▸ Task brief
Work through the listing below and give again exactly the lines from the one with "白山黑水镌刻千年文脉,金源故" to the one with "A timeless piece", both ends included. All other lines and all pictures stay out.

▸ Information given
▼
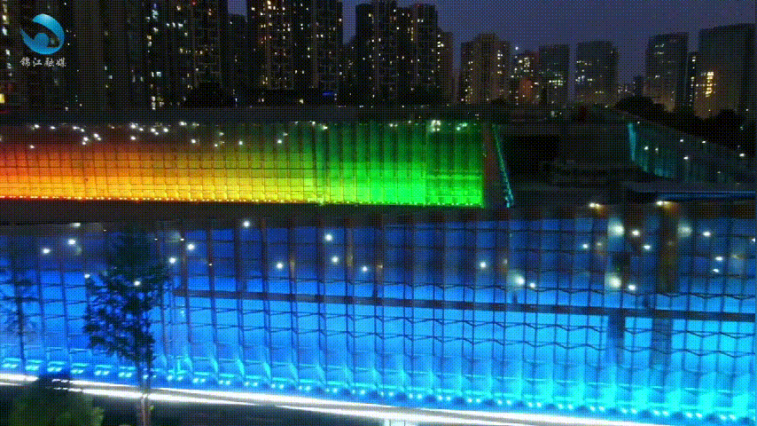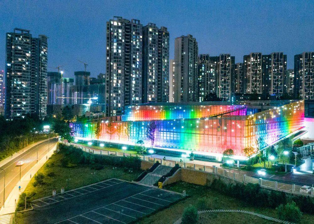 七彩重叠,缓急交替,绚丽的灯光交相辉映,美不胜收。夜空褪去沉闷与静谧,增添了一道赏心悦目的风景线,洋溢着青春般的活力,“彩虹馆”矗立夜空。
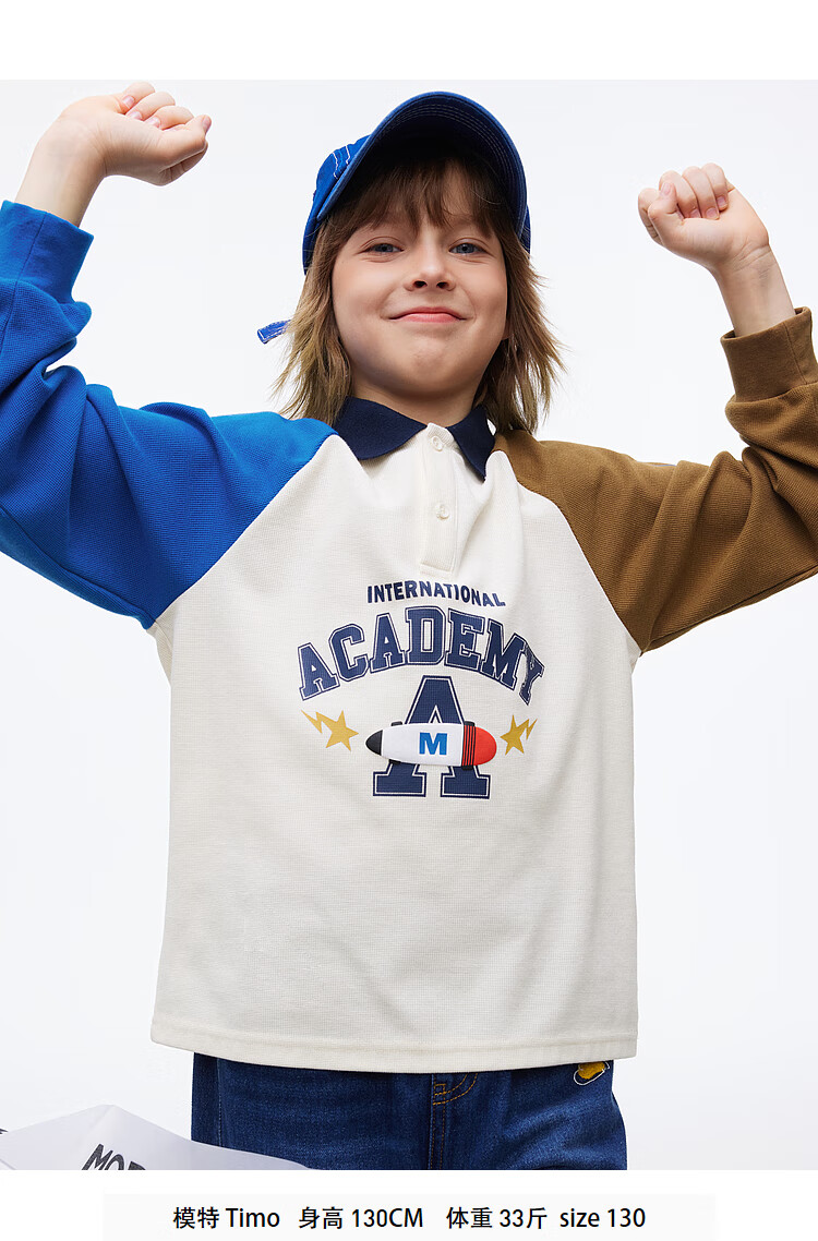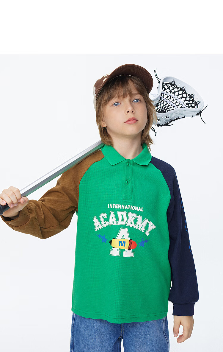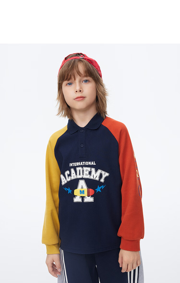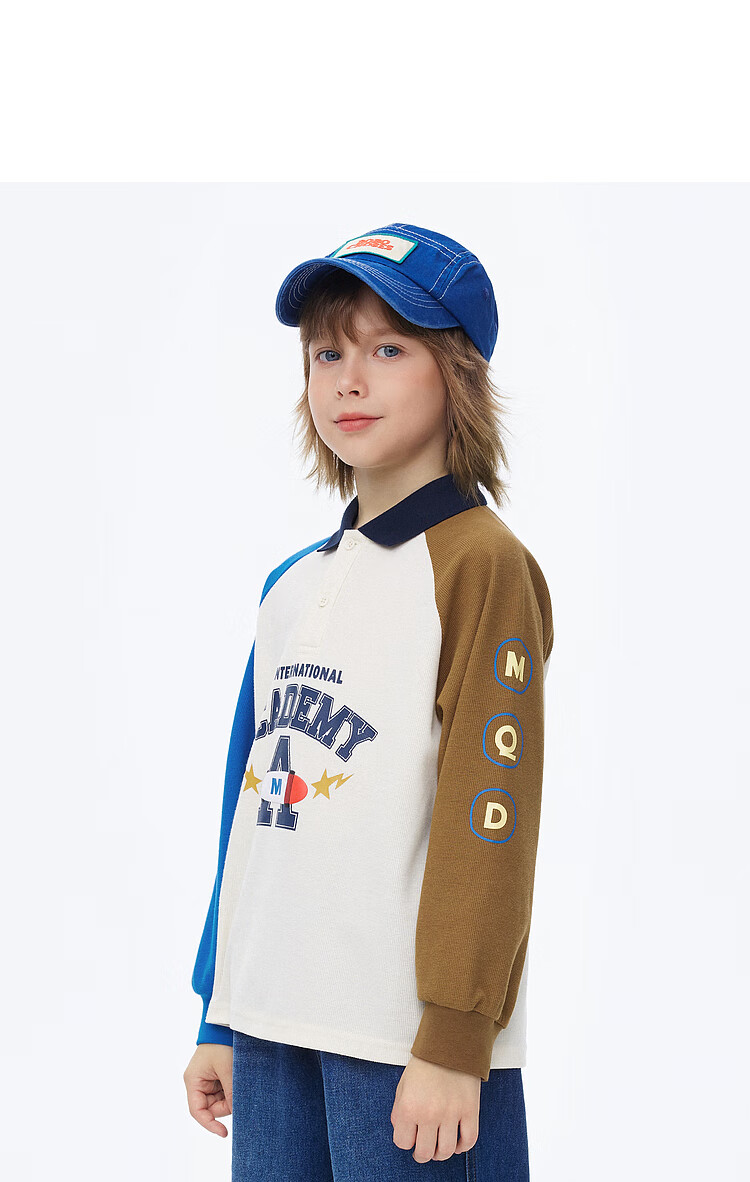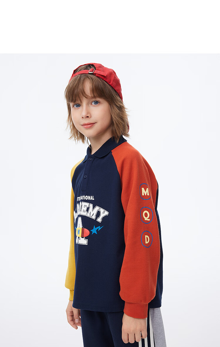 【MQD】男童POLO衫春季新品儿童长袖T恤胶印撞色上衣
▲
▼
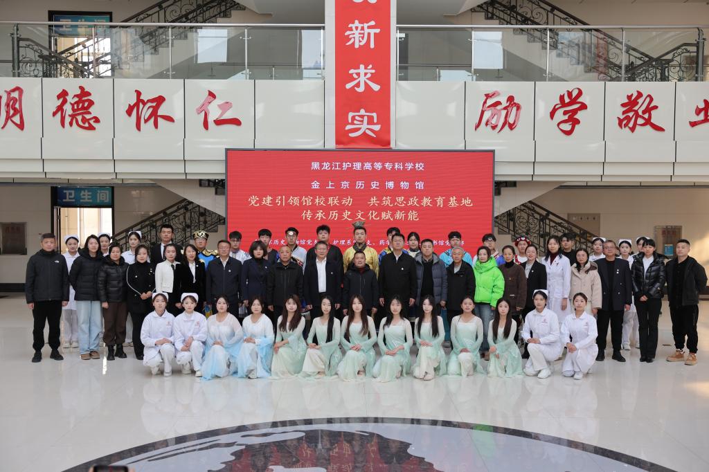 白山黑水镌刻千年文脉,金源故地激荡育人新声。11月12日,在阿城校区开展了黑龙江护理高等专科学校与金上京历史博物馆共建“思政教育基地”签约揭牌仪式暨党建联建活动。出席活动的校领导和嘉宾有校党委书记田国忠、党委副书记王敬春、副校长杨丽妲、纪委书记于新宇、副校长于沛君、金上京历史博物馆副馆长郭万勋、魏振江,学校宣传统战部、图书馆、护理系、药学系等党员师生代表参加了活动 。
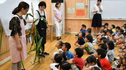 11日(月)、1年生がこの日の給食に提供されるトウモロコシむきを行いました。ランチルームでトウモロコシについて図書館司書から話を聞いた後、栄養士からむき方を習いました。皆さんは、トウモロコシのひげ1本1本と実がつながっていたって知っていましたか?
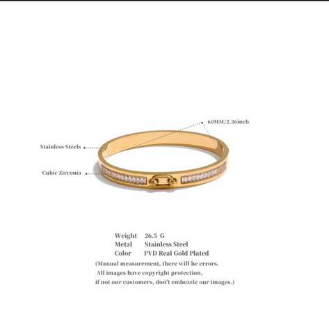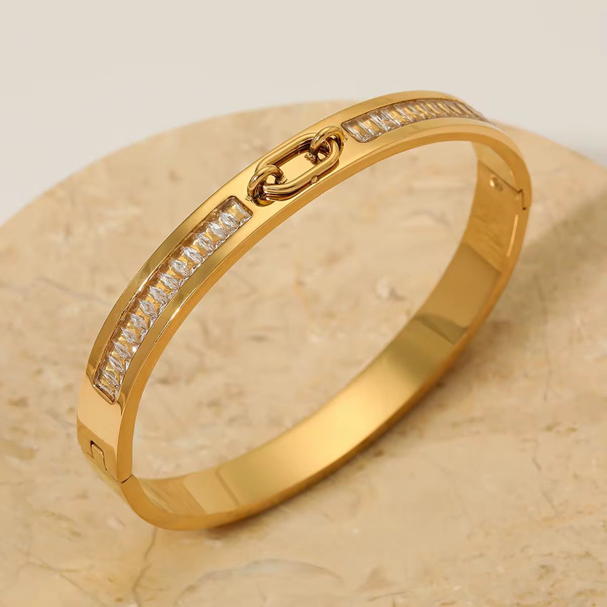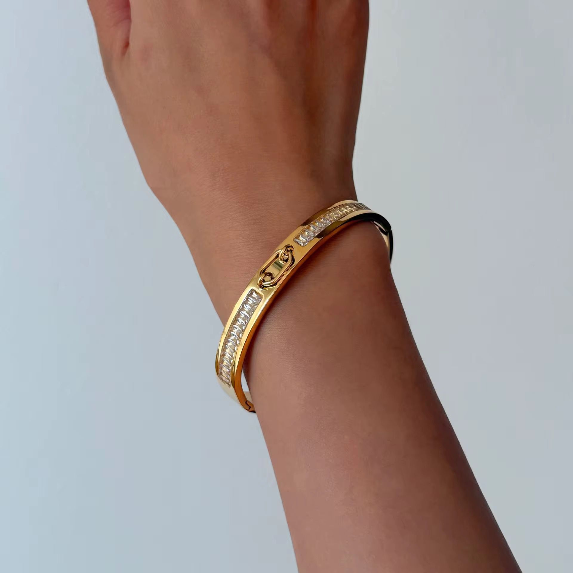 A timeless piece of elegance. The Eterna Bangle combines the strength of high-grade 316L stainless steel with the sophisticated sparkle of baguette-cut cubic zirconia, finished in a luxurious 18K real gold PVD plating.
▲
▸ Task response
 白山黑水镌刻千年文脉,金源故地激荡育人新声。11月12日,在阿城校区开展了黑龙江护理高等专科学校与金上京历史博物馆共建“思政教育基地”签约揭牌仪式暨党建联建活动。出席活动的校领导和嘉宾有校党委书记田国忠、党委副书记王敬春、副校长杨丽妲、纪委书记于新宇、副校长于沛君、金上京历史博物馆副馆长郭万勋、魏振江,学校宣传统战部、图书馆、护理系、药学系等党员师生代表参加了活动 。
 11日(月)、1年生がこの日の給食に提供されるトウモロコシむきを行いました。ランチルームでトウモロコシについて図書館司書から話を聞いた後、栄養士からむき方を習いました。皆さんは、トウモロコシのひげ1本1本と実がつながっていたって知っていましたか?
 A timeless piece of elegance. The Eterna Bangle combines the strength of high-grade 316L stainless steel with the sophisticated sparkle of baguette-cut cubic zirconia, finished in a luxurious 18K real gold PVD plating.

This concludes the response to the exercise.